*** Records shown Section Begins ***

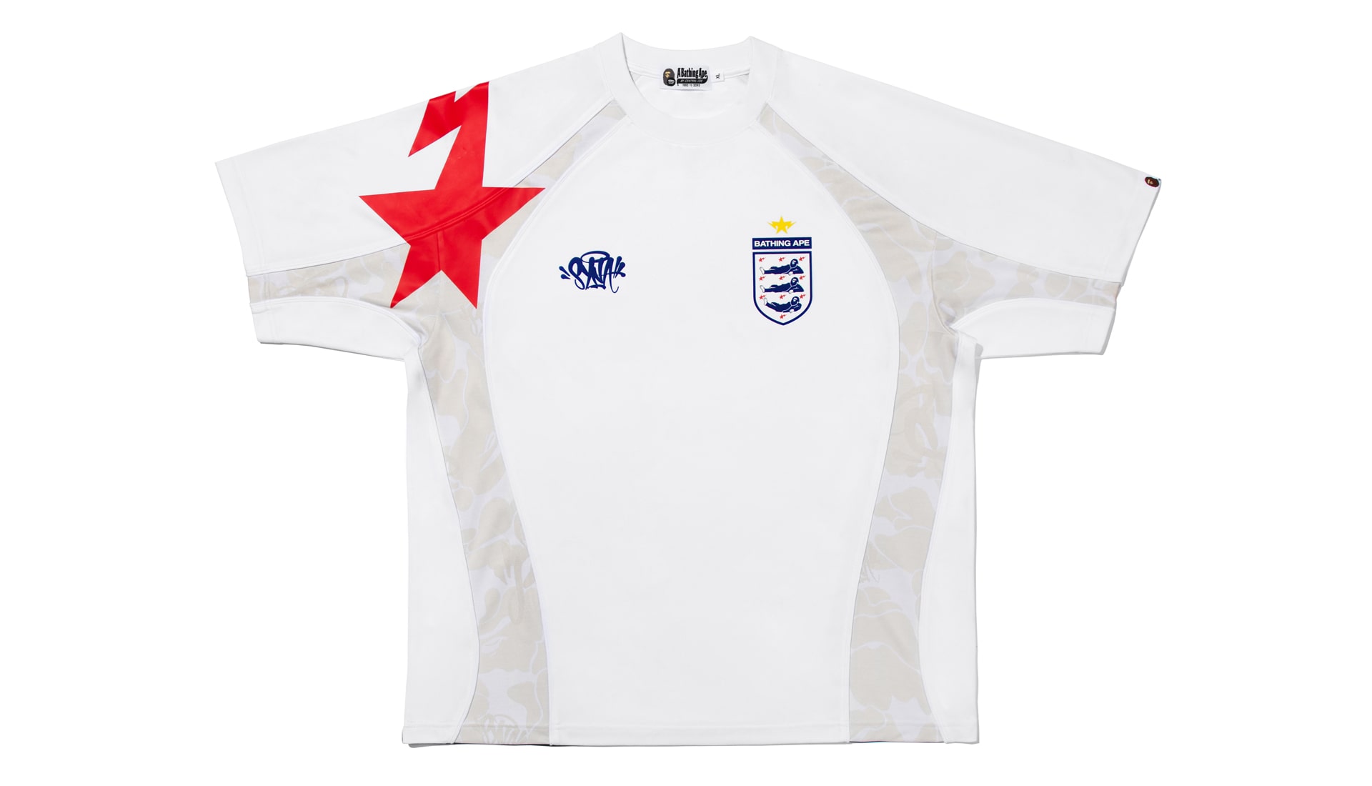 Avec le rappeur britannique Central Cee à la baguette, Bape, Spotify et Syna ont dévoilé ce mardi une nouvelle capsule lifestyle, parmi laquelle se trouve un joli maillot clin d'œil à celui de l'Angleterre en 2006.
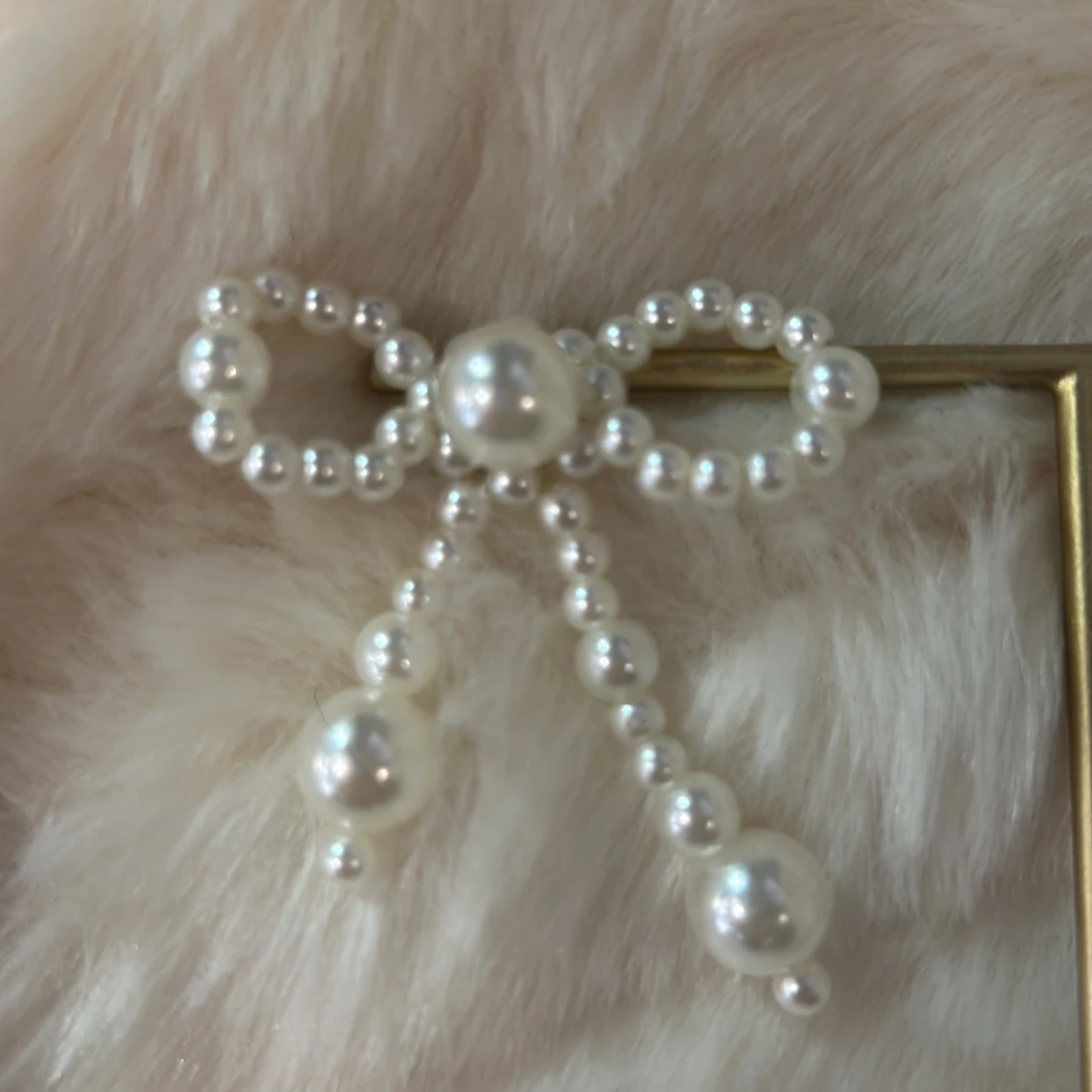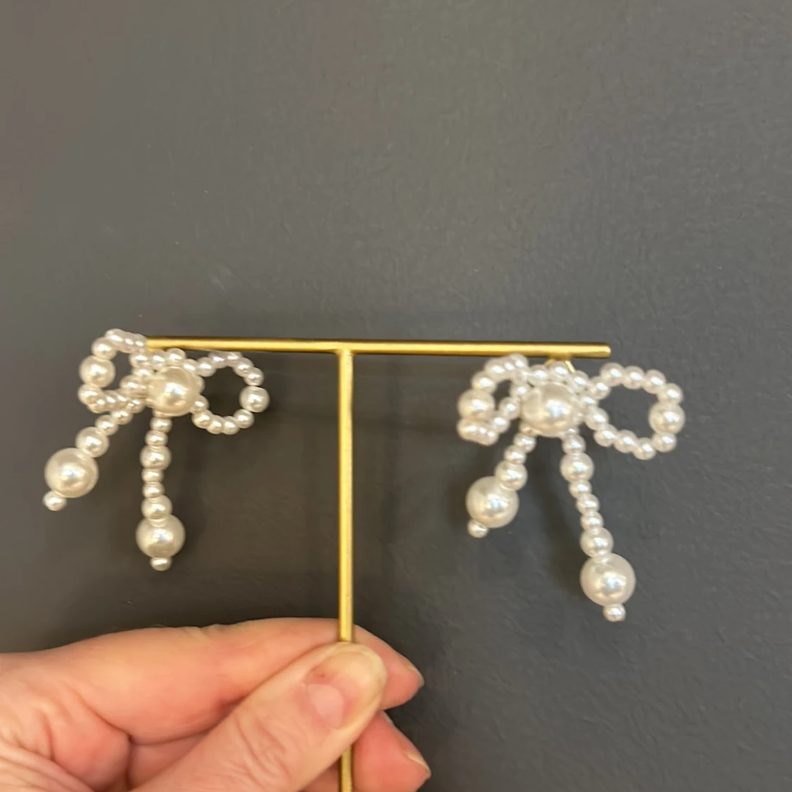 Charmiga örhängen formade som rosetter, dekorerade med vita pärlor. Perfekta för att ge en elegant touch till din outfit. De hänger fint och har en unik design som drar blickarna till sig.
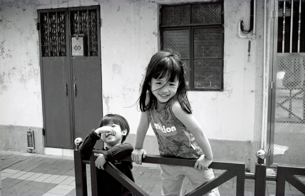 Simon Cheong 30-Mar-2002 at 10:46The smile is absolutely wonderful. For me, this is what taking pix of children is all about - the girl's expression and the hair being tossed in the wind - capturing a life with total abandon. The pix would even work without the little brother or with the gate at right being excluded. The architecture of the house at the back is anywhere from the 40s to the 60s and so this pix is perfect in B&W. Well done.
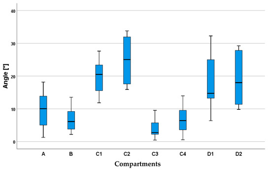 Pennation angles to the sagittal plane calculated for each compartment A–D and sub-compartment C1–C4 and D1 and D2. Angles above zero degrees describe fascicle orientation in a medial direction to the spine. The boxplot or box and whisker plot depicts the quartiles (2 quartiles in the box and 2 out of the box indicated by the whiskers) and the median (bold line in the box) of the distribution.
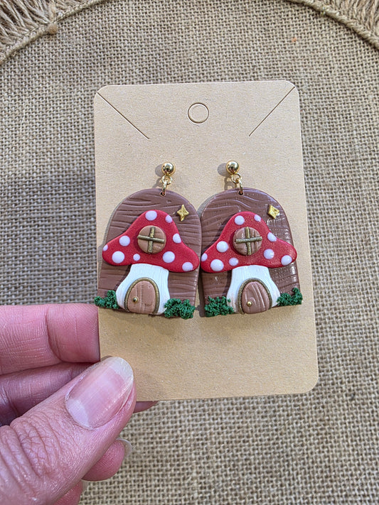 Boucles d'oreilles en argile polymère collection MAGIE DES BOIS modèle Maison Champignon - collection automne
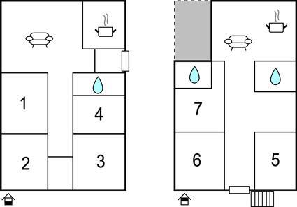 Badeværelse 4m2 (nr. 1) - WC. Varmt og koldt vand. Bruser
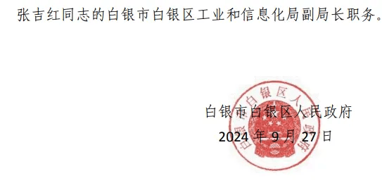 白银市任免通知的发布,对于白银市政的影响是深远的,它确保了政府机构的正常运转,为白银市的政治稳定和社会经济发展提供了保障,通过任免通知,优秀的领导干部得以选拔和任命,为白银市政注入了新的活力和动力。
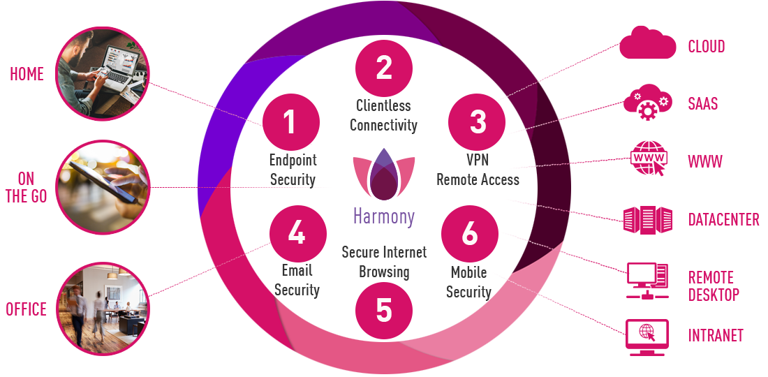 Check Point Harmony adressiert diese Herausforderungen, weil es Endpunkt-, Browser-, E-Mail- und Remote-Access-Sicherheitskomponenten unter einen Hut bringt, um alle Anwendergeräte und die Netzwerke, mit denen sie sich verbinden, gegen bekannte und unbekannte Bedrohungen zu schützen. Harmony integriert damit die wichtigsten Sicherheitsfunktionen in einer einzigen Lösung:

*** Records shown Section Ends ***

## What the task requires
Please output every entry above exactly, without the pictures.

## Task answer
 Avec le rappeur britannique Central Cee à la baguette, Bape, Spotify et Syna ont dévoilé ce mardi une nouvelle capsule lifestyle, parmi laquelle se trouve un joli maillot clin d'œil à celui de l'Angleterre en 2006.
 Charmiga örhängen formade som rosetter, dekorerade med vita pärlor. Perfekta för att ge en elegant touch till din outfit. De hänger fint och har en unik design som drar blickarna till sig.
 Simon Cheong 30-Mar-2002 at 10:46The smile is absolutely wonderful. For me, this is what taking pix of children is all about - the girl's expression and the hair being tossed in the wind - capturing a life with total abandon. The pix would even work without the little brother or with the gate at right being excluded. The architecture of the house at the back is anywhere from the 40s to the 60s and so this pix is perfect in B&W. Well done.
 Pennation angles to the sagittal plane calculated for each compartment A–D and sub-compartment C1–C4 and D1 and D2. Angles above zero degrees describe fascicle orientation in a medial direction to the spine. The boxplot or box and whisker plot depicts the quartiles (2 quartiles in the box and 2 out of the box indicated by the whiskers) and the median (bold line in the box) of the distribution.
 Boucles d'oreilles en argile polymère collection MAGIE DES BOIS modèle Maison Champignon - collection automne
 Badeværelse 4m2 (nr. 1) - WC. Varmt og koldt vand. Bruser
 白银市任免通知的发布,对于白银市政的影响是深远的,它确保了政府机构的正常运转,为白银市的政治稳定和社会经济发展提供了保障,通过任免通知,优秀的领导干部得以选拔和任命,为白银市政注入了新的活力和动力。
 Check Point Harmony adressiert diese Herausforderungen, weil es Endpunkt-, Browser-, E-Mail- und Remote-Access-Sicherheitskomponenten unter einen Hut bringt, um alle Anwendergeräte und die Netzwerke, mit denen sie sich verbinden, gegen bekannte und unbekannte Bedrohungen zu schützen. Harmony integriert damit die wichtigsten Sicherheitsfunktionen in einer einzigen Lösung:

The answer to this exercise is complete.